Ich weiß nicht recht, wo ich anfangen soll... Solche "genetischen Geschichten" sind wie die genialen Schlussfolgerung des berühmten Detektivs am Ende des Kriminalromans. Wenn der Schurke nicht gesteht, dann kann es auch alles ganz anders gewesen sein.....
Es gibt beim Menschen zwei Allelgruppen auf dem Genlocus "Encephalin": D und non-D. In Eurasien haben wir einen Anteil von 80% D und in Afrika einen kleineren. In Mittel wird 70% genannt.
Alle Menschen besaßen und besitzen Encephalin. Leider haben wir keine Ahnung, welchen Unterschied das Vorhandensein von D oder non-D überhaupt macht.
Auf Grund der kleinen Unterschiede zwischen den D-Allelen heutiger Menschen (die im Laufe der Zeit auftreten) hat man das Alter der "Einspeisung" dieses Allels auf 37.000 Jahren geschätzt.
Solche Schätzungen sind jedoch ähnlich unzuverlässig wie eine Schätzung des Alters einer Sprache - hallo, Hyok! - nach den Veränderungen am Wortmaterial. So eine Schätzung nimmt an, dass
ein einziges Molekül in den Genpool gelangt (was bei einer seltenen Mutation in der Tat auch der Fall ist), und sich dieses einzige Ahnen-Molekül dann - mit den genannten Veränderungen - verbreitet. Werden anfänglich schon mehrere (gering verschiedene) Kopien dieser Allelsorte eingebracht, dann bricht diese Kalkulation natürlich zusammen: Der Vorgang geschah dann vor VIEL KÜRZERER Zeit. Das wäre für die Hypothese aber nicht gut, denn danach gab es - jedenfalls großflächig - keine anderen Menschenarten mehr
Eine Übergabe vom - sagen wir mal - Neandertaler ist auch deswegen spekulativ, weil dort bisher weder D- noch non-D-Allele bekannt sind. Die Hypothese fordert, dass man bei Neandertalern einen bedeutend größeren D- zu non-D-Anteil feststellen kann als bei HSS; wenigstens 10 gute Exemplare müssten dazu untersucht werden.
Es kann aber auch ganz anders sein... Das D-Allel kann beim Menschen (seit 1,1 Mio Jahren) schon immer ein Schattendasein geführt haben (da wir - wie gesagt - nicht genau wissen, was es bewirkt) und kommt mit Müh und Not durch den genetischen Flaschenhals.

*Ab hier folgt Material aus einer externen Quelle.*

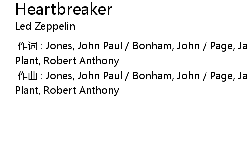 | [00:00.000] | zuo qu : Jones, John Paul Bonham, John Page, James Patrick Plant, Robert Anthony |
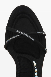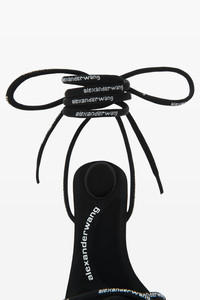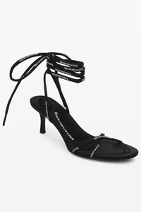 Wrap-around logo-detailed shoelaces define this black high-heel sandal. This pump sits on a 65mm heel, enhanced by our signature high-frequency footbed, plus a cow leather outsole. - open toe - upper: 100% polyester - outsole: 100% cow leather - made in china - 30224S009001 composition Upper: 100%POLYESTER Outsole: 100%COW LEATHER
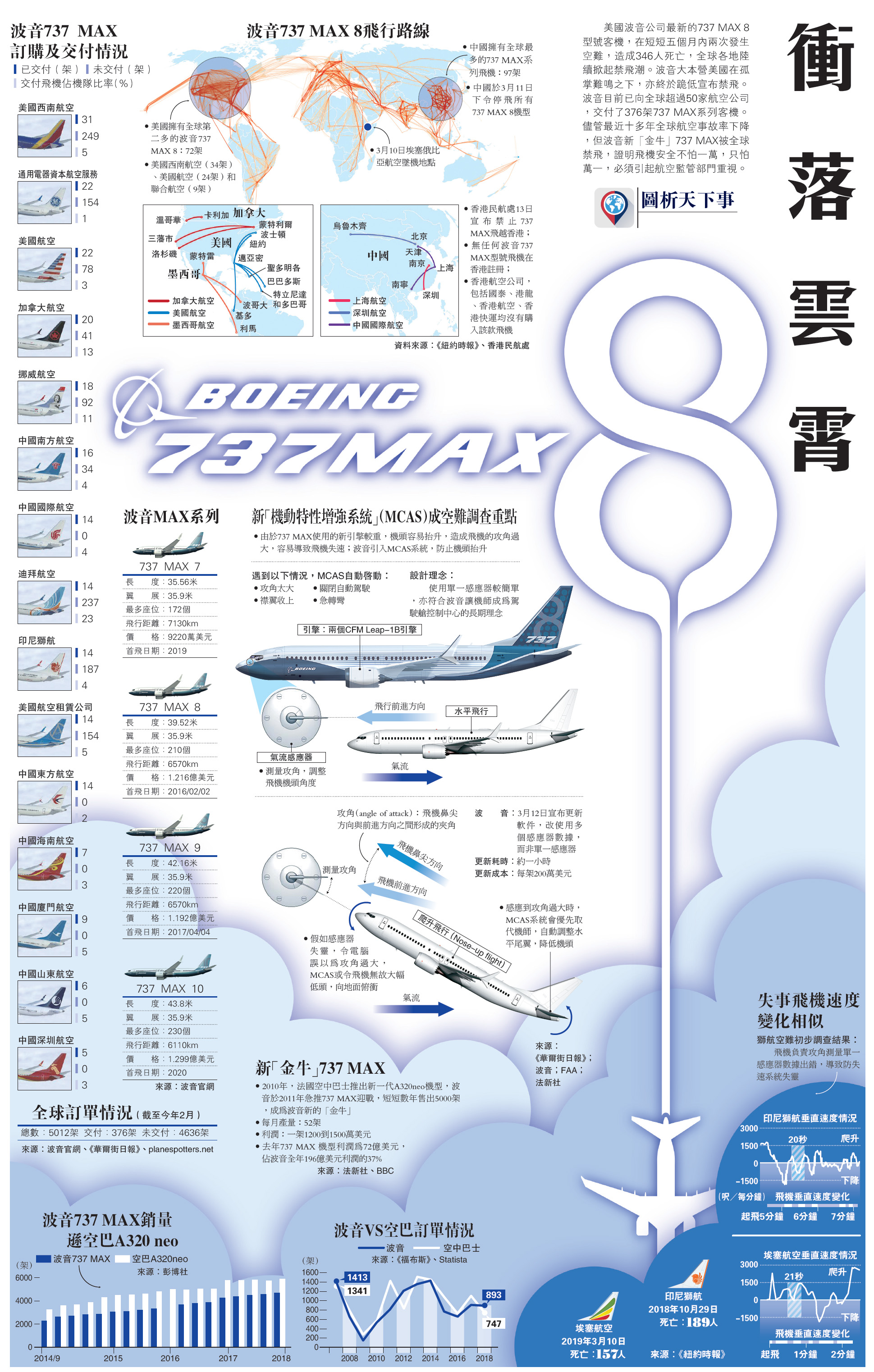 美國波音公司最新的737 MAX 8型號客機,在短短五個月內兩次發生空難,造成346人死亡,全球各地陸續掀起禁飛潮。波音大本營美國在孤掌難鳴之下,亦終於跪低宣布禁飛。波音目前已向全球超過50家航空公司,交付了376架737 MAX系列客機。儘管最近十多年全球航空事故率下降,但波音新「金牛」737 MAX被全球禁飛,證明飛機安全不怕一萬,只怕萬一,必須引起航空監管部門重視。

Nehmen wir an, es kommt genau EIN EINZIGES Molekül durch den Flaschenhals, dann hätten wir eine Situation, die grundsätzlich nicht von einer "Fremdeinspeisung" zu unterscheiden ist. Allerdings vor 70.000 statt vor 37.000 Jahren....
Dann ändern sich aber die Umweltbedingungen, und es findet eine vorteilsverursachte Ausbreitung statt. Denn ohne dieses Postulat funktioniert auch die originale Hypothese nicht! Wenn der Vorteil in Eurasien größer ist als in Afrika, dann erklärt sich sich auch zwanglos der unterschiedliche Anteil. Diese Ausbreitung (auf die 70%) muss übrigens nicht sofort vor 37 oder 70.000 erfolgt sein. Ein beliebtes Szenario ist natürlich die Ausbreitung der Landwirtschaft... Das könnte man sogar durch spezifische Messungen des D-Anteils belegen..
Ich fasse noch mal zusammen:
Im menschlichen Genom wurde eine Allelgruppe (D) entdeckt, die eine erstaunlich geringe Varianz bezüglich der üblichen Mikroveränderungen seiner DNA-Sequenz besitzt. Standardabschätzungen setzen das "Alter" des Urahns auf 37.000 Jahre. Es handelt sich hierbei aber um keine Neumutation, da die Unterschiede zwischen den Allelgruppen D und dem alternativen non-D recht beträchtlich sind und auf ein Alter von 1,1 Mio Jahren hinweisen.
Eine übliche Erklärung für solche Situationen ist der "Gründervätereffekt" oder ein enger "genetischer Flaschenhals". Eine Alternativerklärung die einmalige (!) Übernahme aus einem anderen Genpool.